Task instructions> Search the records for "Севергин" and copy each line that holds it.

Task data>
..........

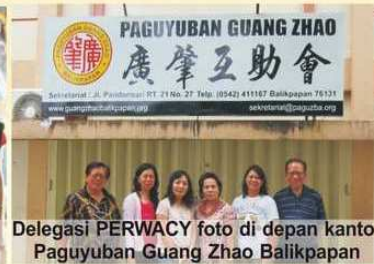
Delegasi PERWACY foto di depan kantor Paguyuban Guang Zhao Balikpapan
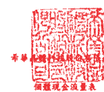
民國一〇三年及一〇二年一月一日至十二月三十一日
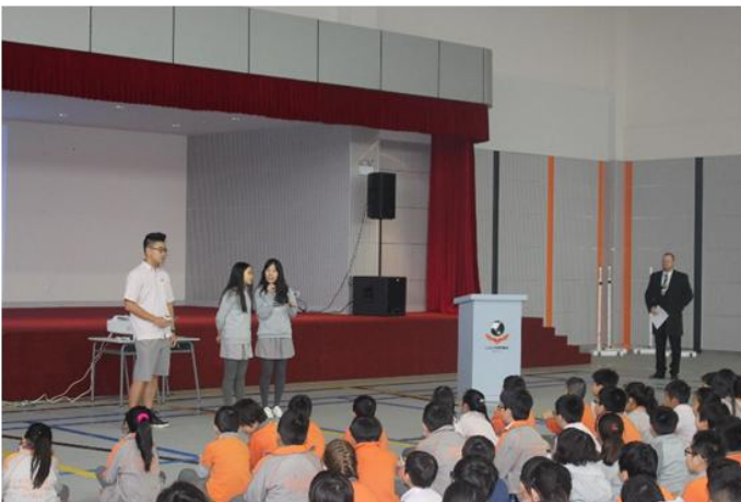
Học sinh thuyết trình trong buổi Sinh hoạt chung
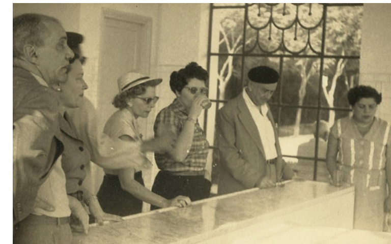
GRUPO DE VERANISTAS NA FONTE VICHY EM 1925

A Fonte Vichy se tornou símbolo da cidade já durante as décadas de 1930 e 1940, quando o Parque das Águas construiu a maior parte de seu conjunto estético, que é rodeada por jardins e pelo belo lago que o geólogo Andrade Júnior julgou ser a melhor solução para o equilíbrio da pressão hidrostática. Construiu-se, desse
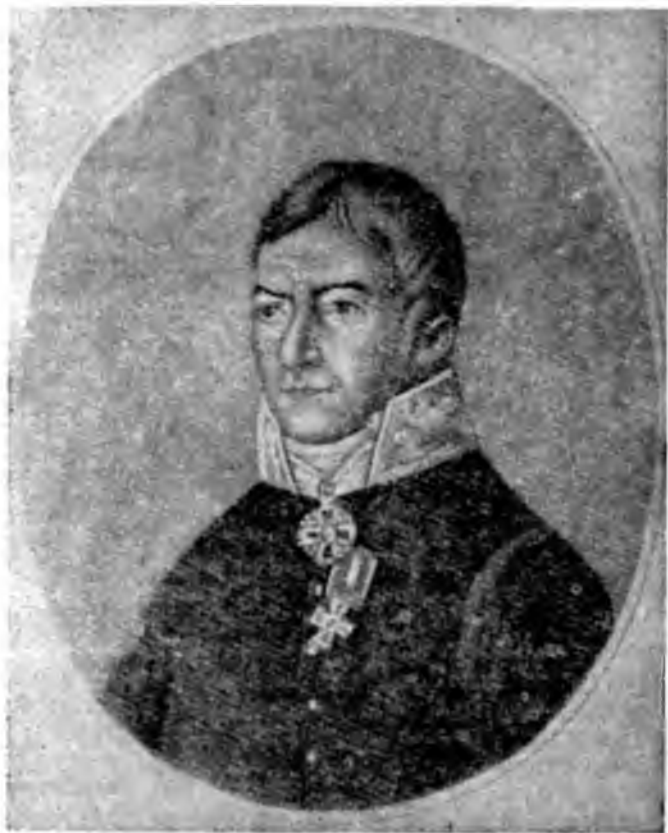
В. М. Севергин

открыть, что время и случай показать может». В числе «главных естественных произведений» края (т. е. природных богатств — В. П.) Севергин особо отмечает «карельскую березу, на многие изящные поделки употребляемую».
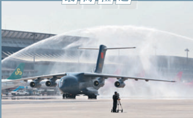
●瀋陽桃仙國際機場以「過水門」最高禮遇迎接運送烈士遺骸的專機。

..........

The completed task>
В. М. Севергин
открыть, что время и случай показать может». В числе «главных естественных произведений» края (т. е. природных богатств — В. П.) Севергин особо отмечает «карельскую березу, на многие изящные поделки употребляемую».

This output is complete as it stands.